Wydarzenia

Emocjonujące gry wewnętrzne

2010-02-09 19:52:43
Aura na Cyprze zmienia się jak w kalejdoskopie. Po obiedzie na niebie nie wiadomo skąd pojawiły się czarne chmury, z których niczym w tropikach lunął rzęsisty deszcz. Piłkarzom Śląska Wrocław sprzyjało jednak szczęście, bowiem tuż przed treningiem przejaśniło się.
Zgodnie z planem, popołudniowe zajęcia miały charakter gier taktycznych. Po rozgrzewce zawodnicy zostali podzieleni na cztery drużyny, które na bardzo małym boisku rozgrywały pojedynki na duże bramki.

Gdy dwie drużyny walczyły na boisku (mecz trwał trzy minuty), pozostali odpoczywali z boku i dopingowali walczących kolegów. „Brawo Kaczmar”, „Super Amir”, „Dobrze Aka” – co chwilę rozbrzmiewały pochwały od oglądających grę zza linii bocznej.

Gra była niezwykle szybka i efektowna, mała przestrzeń do gry sprawiała, że drużyny szybko przemieszczały się spod jednej do drugiej bramki. Ta specyficzna forma gry wymagała od wszystkich zawodników dobrego krycia rywala, bowiem nieupilnowanie przeciwnika przeważnie od razu wiązało się z przewagą liczebną drugiej drużyny pod bramką i stratą gola. – Panowie, musimy biegać za swoim zawodnikiem po całym boisku, nie możemy odpuszczać – mobilizował kolegów Antoni Łukasiewicz.
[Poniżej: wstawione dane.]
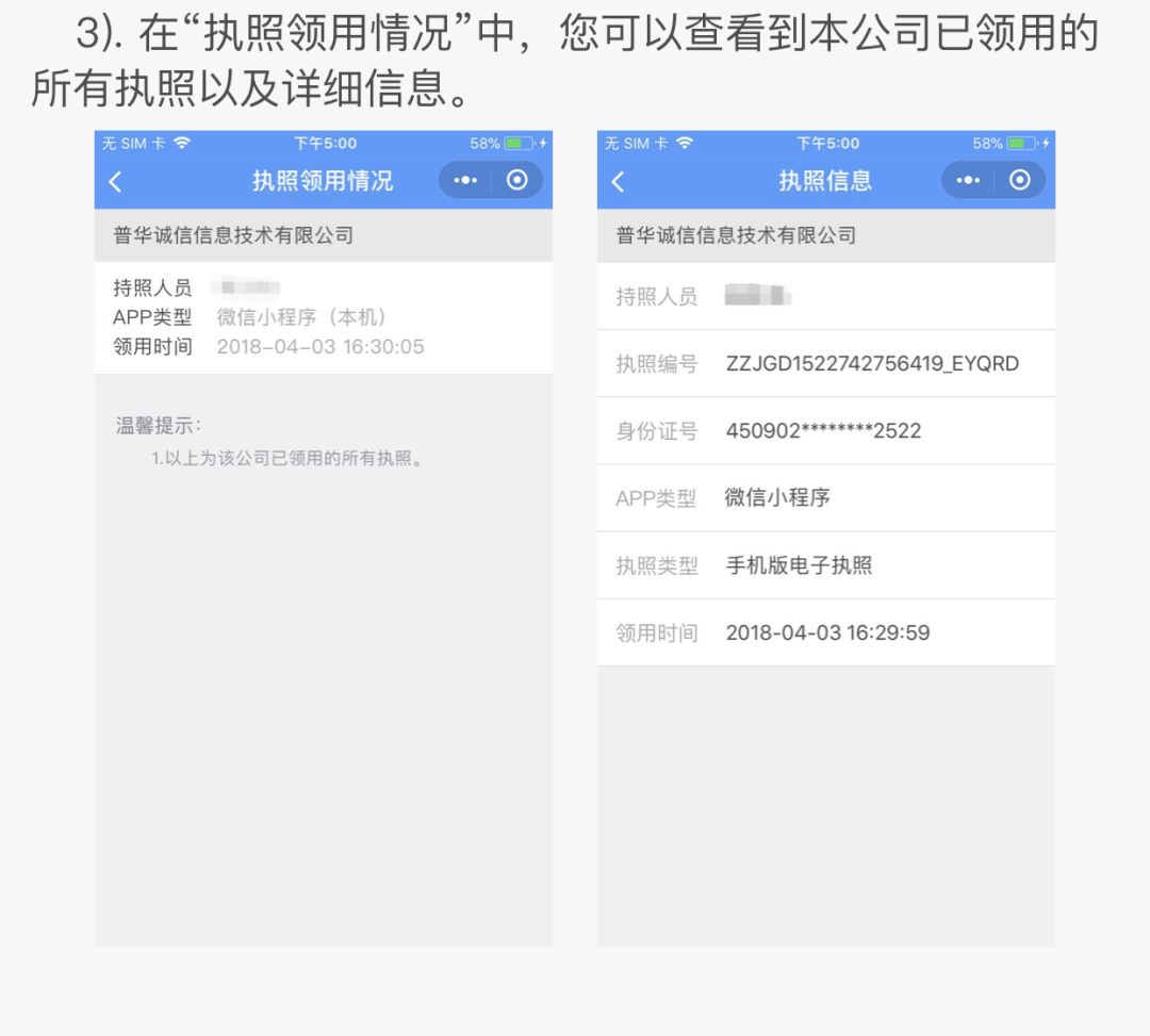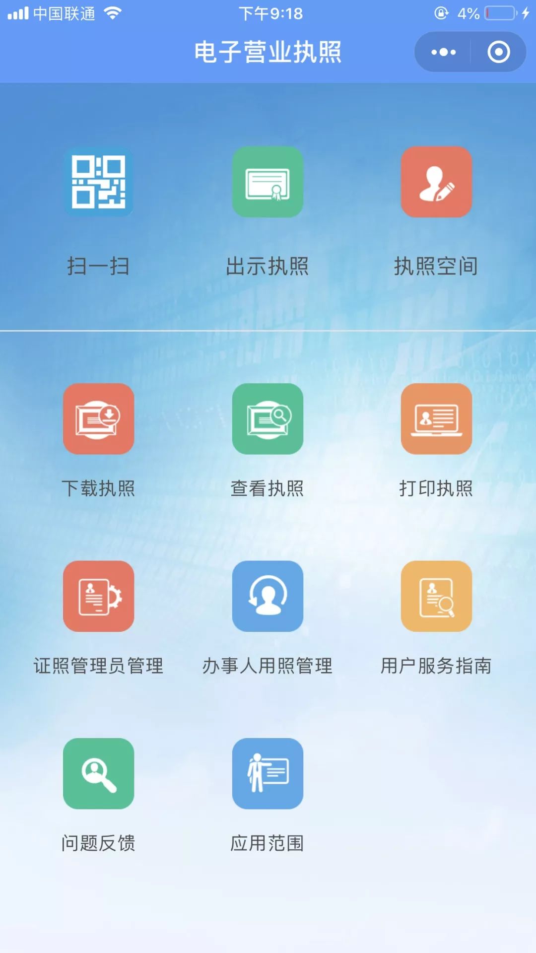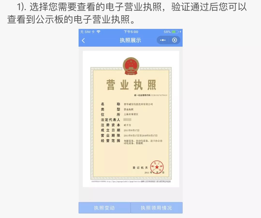 这就是微信电子营业执照小程序的界面了。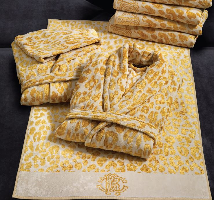 Премиальный Халат Roberto Cavalli SNOW LEOPARD 001 Gold артикул 88198-88199-88200 купить с доставкой в Москве, цены - интернет-магазин халатов и домашнего текстиля №1 в России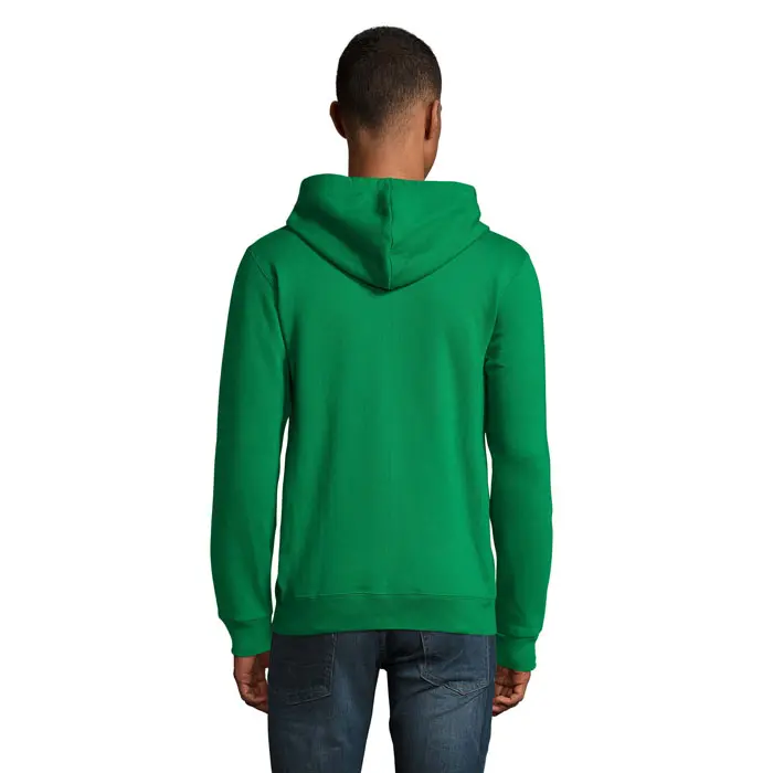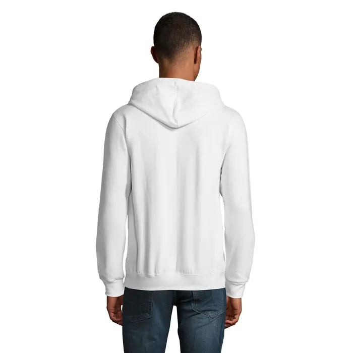 Sa coupe droite et tubulaire, avec manches montées, bord côtelé aux ourlets et poignets, garantit un ajustement polyvalent. Les deux poches kangourou et la capuche avec cordon de serrage ton sur ton ajoutent une touche pratique et stylée, parfaite pour les événements d'entreprise ou les cadeaux clients.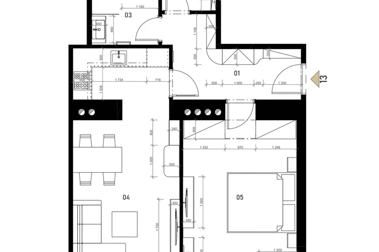 This fully furnished apartment with one bedroom and a total floor area of 63,1 m² is located on the 1st floor of a six-story apartment building in Břevnov. The apartment includes a basement storage unit with an area of 2,8 m².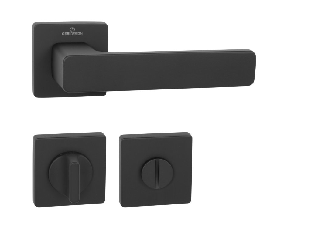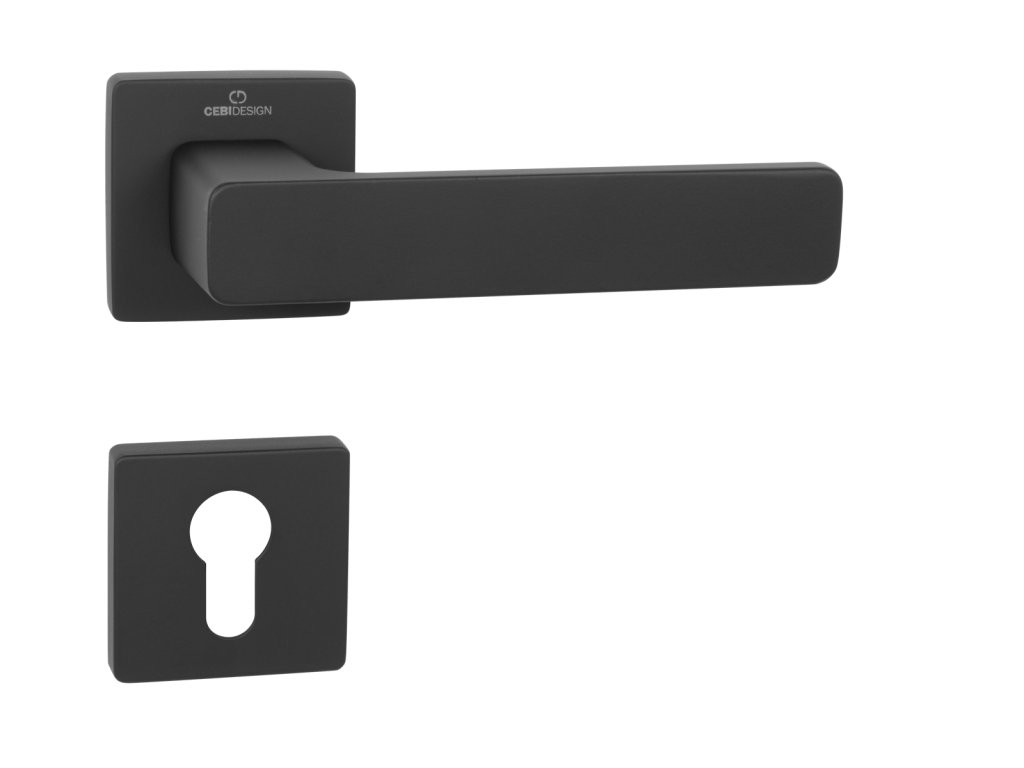 Rozetová klika FLAT na interiérové dveře s hranatou rozetou je vyrobená z kvalitního tvrzeného polyamidu. Rozeta má rozměr 52x52 mm a tloušťku jen 10 mm.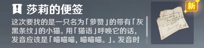 任务要求:依照“便签”中的要求,获取莎莉的三只小猫咪们的对应猫语,然后找到这三只小喵咪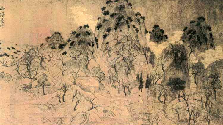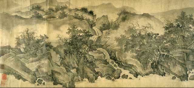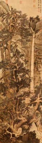 | 《双松图》(吴镇) | 《古木寒泉》(明 文徵明) |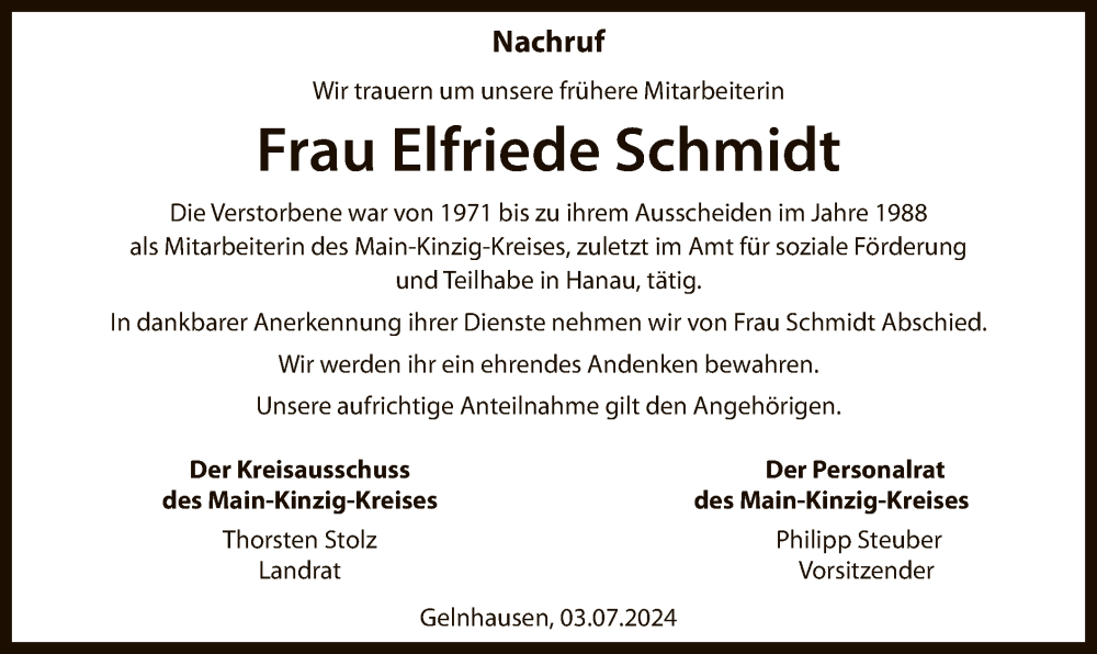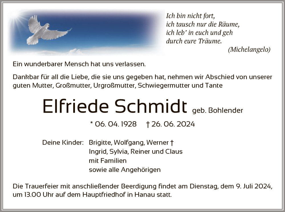Hier finden Sie alle Traueranzeigen aus der Zeitung, die bisher für Elfriede Schmidt erschienen sind. Weitere Traueranzeigen, die in der Zeitung erscheinen, werden hier ebenfalls aufgelistet
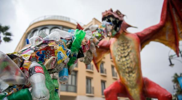 Damit sollen die Teilnehmer der Konferenz – etwa 1000 Abgeordnete aus Politik, Wirtschaft und Zivilgesellschaft, die sich dem Schutz der Weltmeere widmen wollen – nicht nur daran erinnert werden, dass Plastikmüll eines der großen Probleme unserer Ozeane ist. Der Drache soll ihnen auch vor Augen führen, welche Konzerne ihn hauptsächlich produzieren.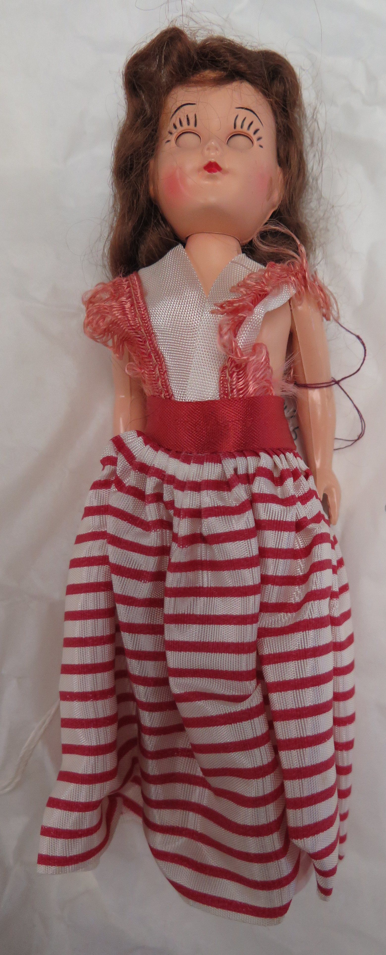 This is a red haired plastic female doll. The doll is wearing a red and white striped candy stripe style dress with a red sash. The doll has plastic sleep eyes. The doll measures 7.5" (h) x 2.5" (w) x 1.5" (d).Collection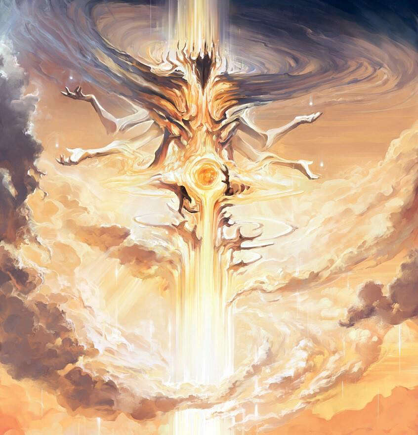 Наконец, Системный кинжал вынырнул на стороне насекомых, и я с облегчением разорвал связь с Рафирой, закрывая Разлом. Однако мое сновидение так и не закончилось. Огромная ручища все-таки пробила себе дорогу, разорвав светящуюся оболочку, без особых усилий разбила Абсолютный щит, которым я пытался ее удержать, а заодно и ставшие бесполезными каменные ладони. Вслед за ней выросла еще одна конечность, а затем еще и еще, пока их число не достигло шести. Две ладони прикрывали огненную сферу, служившую ему якорем в моем мире, остальные удерживали на весу какие-то светящиеся снаряды. На землю обрушился столп невыносимо яркого света, а в небеса устремились клубы едкого дыма от пылающего туловища исполинского чудовища, которое протиснулось в отверстие червоточины вслед за руками. Последней появилась увенчанная короной голова, представлявшая собой сплошную маску, над которой тоже возник столб света, бьющий в небеса.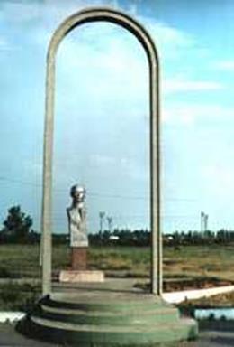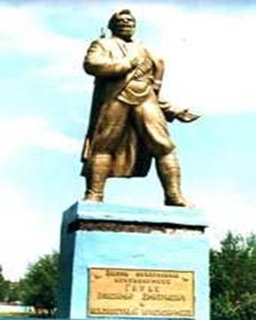 Памятник Герою Советского Союза Г.Е.Бойко на центральной усадьбе КСП "Красный партизан". Автор памятника - скульптор П.И.Антып, архитектор - Н.Бачу.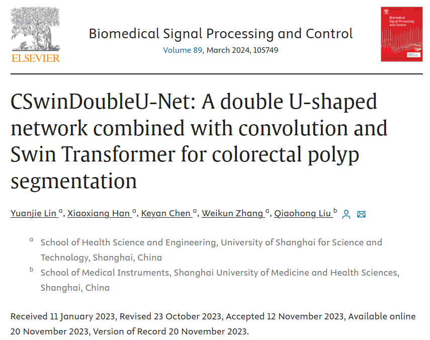 近日,我校智能医疗器械与主动健康协同创新团队的刘巧红教授带领其研究生团队针对结肠镜下的息肉分割问题在国际著名期刊上发表多篇文章。其中,2021级研究生林元杰等人完成的研究工作“CSwinDoubleU-Net: A double U-shaped network combined with convolution and Swin Transformer for colorectal polyp segmentation”在国际著名期刊《Biomedical Signal Processing and Control》上发表。该期刊是由Elsevier出版,专注于临床医学和生物科学中信号与图像的测量与分析研究,为中科院2区期刊,最新影响因子为5.1。林元杰同学为论文第一作者,导师刘巧红教授为通讯作者。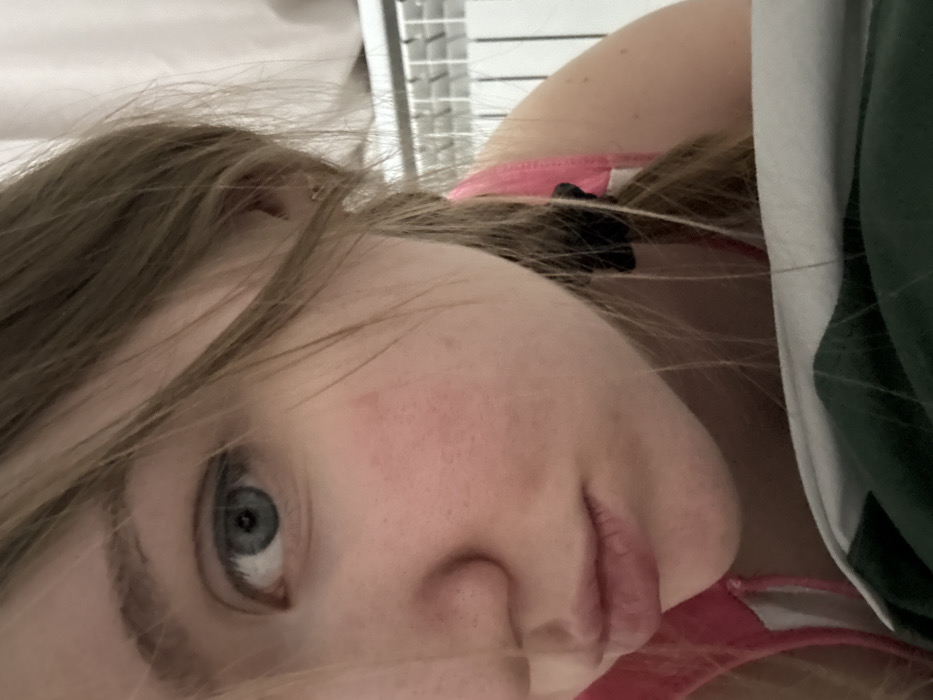 A close-up, angled shot captures a fair-skinned person with light brown hair. An eye, predominantly blue-gray, gazes towards the left. The face shows some redness on the cheek. Black hair tie is seen. A pink strap and white and green fabric appear behind the head. Blinds are slightly visible in the background.
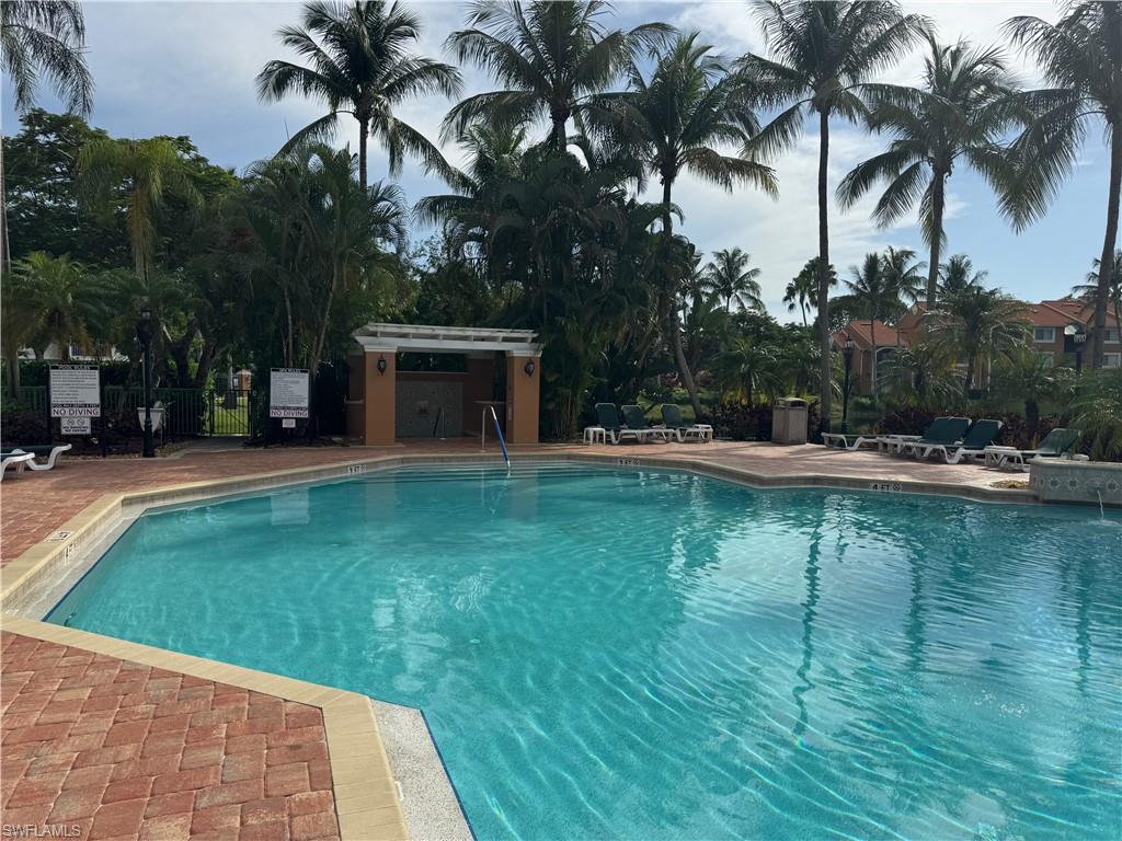 Welcome to The Enclave of Naples. THREE BED GROUND FLOOR WITH GARAGE. A hidden secluded gated community tucked away from busy roads and loud noise. Great room style kitchen, living and dining with a split bedroom floor plan. HOA dues are reasonable. The community is well looked after and cared for by a long standing onsite manager. Amenities include swimming pool / spa, billiards room, library/lounge, weights and racket ball. Outdoor grilling and tables at the club house are available to use. Newer AC, New Refrigerator, New Microwave, Newer range and dishwasher.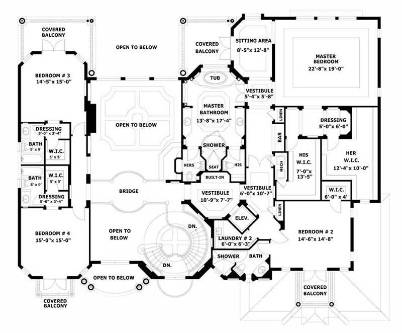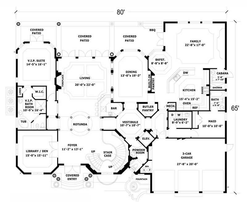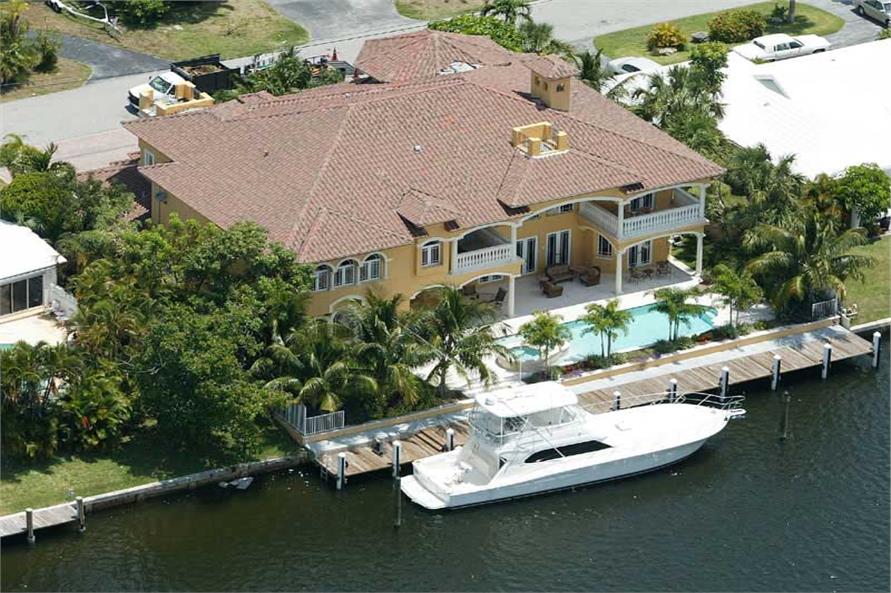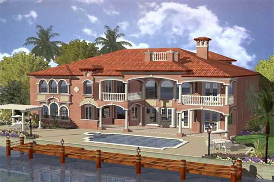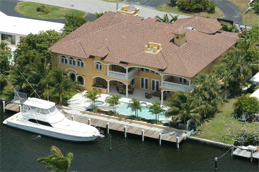 This Luxury Home Plan features include Concrete block exterior construction, Covered Entry with French doors, round columns and arch Foyer open to above with circular stairs to Upper Floor French doors to Den/Library with coffered ceiling Rotunda to Living Room with ceiling to Upper Floor, fireplace, bar and access to Rear Covered Patio Columns frame Dining Room entry with built-in Pantry Butler's Pantry Kitchen with island work area, ample counterpace and open to Breakfast and Family Rooms family room with access to Rear Covered Patio with Bar-B-Q grill Maid's Bedroom with...

Choć przed rozpoczęciem rywalizacji trener Ryszard Tarasiewicz prosił zawodników, by nie przesadzać z ostrością gry, to i w tej grze wewnętrznej kilkukrotnie zatrzeszczały kości. Nie obyło się także bez rzutów karnych – do piłki ustawionej na jedenastym metrze podchodzili Sebastian Mila i Dariusz Sztylka, jednak trafił tylko pierwszy z nich. Kapitan WKS-u w poniedziałek pokonał w czasie gry Wojciecha Kaczmarka, ale w tym pojedynku górą był Marian Kelemen.

Po kilkunastu takich trzyminutowych meczach szkoleniowcy zakończyli zajęcia, choć spora część zawodników miała jeszcze ochotę na kopanie futbolówki i pozostała dłużej na murawie.